THE foam factory had started its twice-daily pour and the injecting valves malfunctioned. The consequences: extra labour costs, raw materials, waste charges and delayed customer delivery. A computerised maintenance management system (CMMS) could have prevented the incident and brought continuous improvement.
A CMMS records equipment maintenance plans and equipment history. With the example above, your spreadsheet could be transferred into the CMMS. You could set up services with different frequencies: a monthly service for cleaning; and a two-monthly service including cleaning and seal replacement.
Defining the two-monthly service is simple using the maintenance policy function in MEX. There are only a few fields to complete as shown in Fig. 1. The frequency “every 2 months” can be seen in the middle of the form. Users can be more specific defining trades, spares and tasks.

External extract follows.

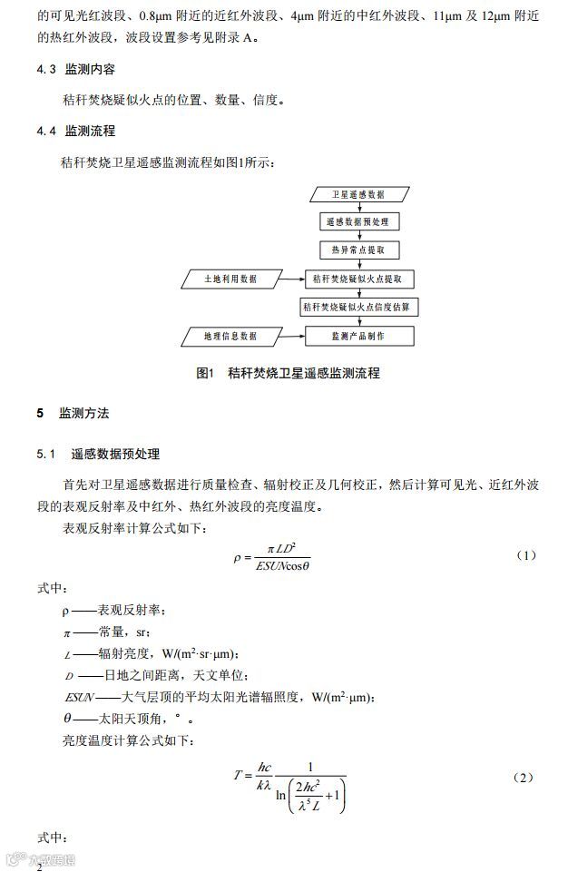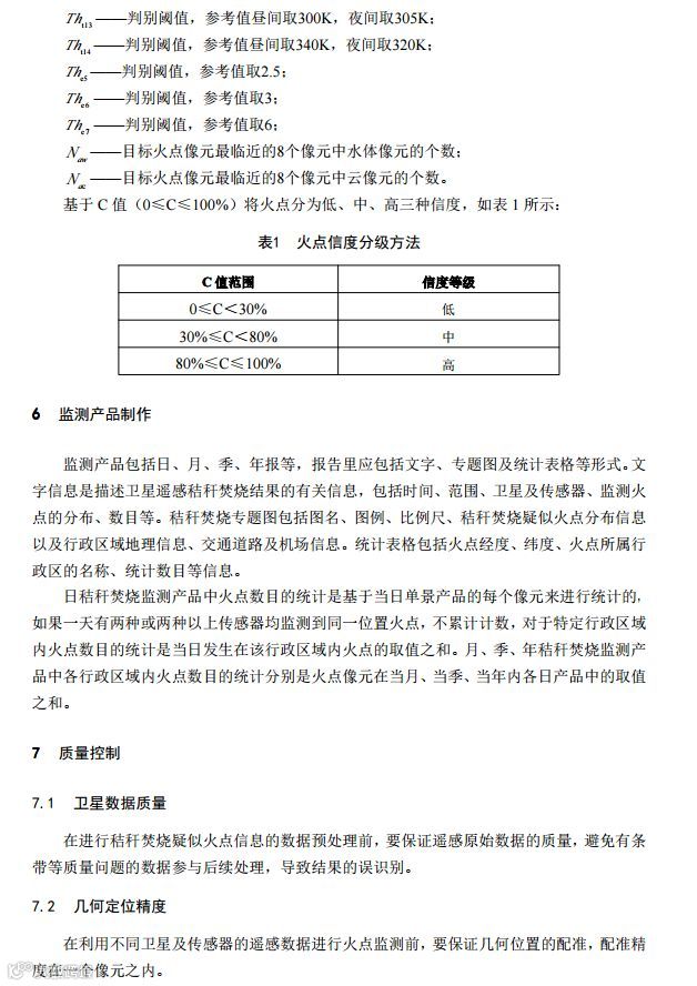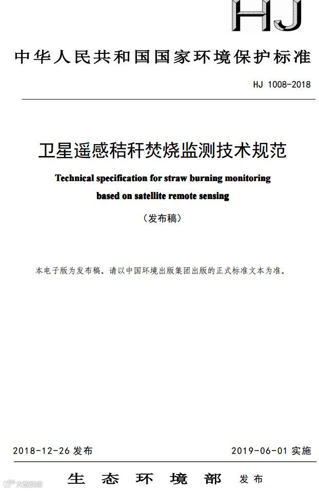 卫星遥感秸秆焚烧监测技术规范(HJ 1008-2018)

Just before each service is due, the CMMS prints a work order with the pre-defined tasks. When two services fall around the same time, the two-monthly takes priority. If a service is done late, the system adjusts the next occurrence automatically so that the next services are prompted only after the defined time. This optimises PM because it is done just when needed and not earlier. By using an integrated spares inventory management module, spare parts are ordered only when needed, further controlling costs.
When services are completed, the equipment records are automatically updated with details of work. Management can review complete history for all equipment to identify any emerging issues. The information is available immediately without the need to sift through paper records. Critical management decisions about future repair or replacement can then be made based on facts.
A work history is like an insurance policy. It will show, if needed, the plan, how it was followed and whether maintenance recommended by manufacturers, or reasonably expected maintenance, has been done.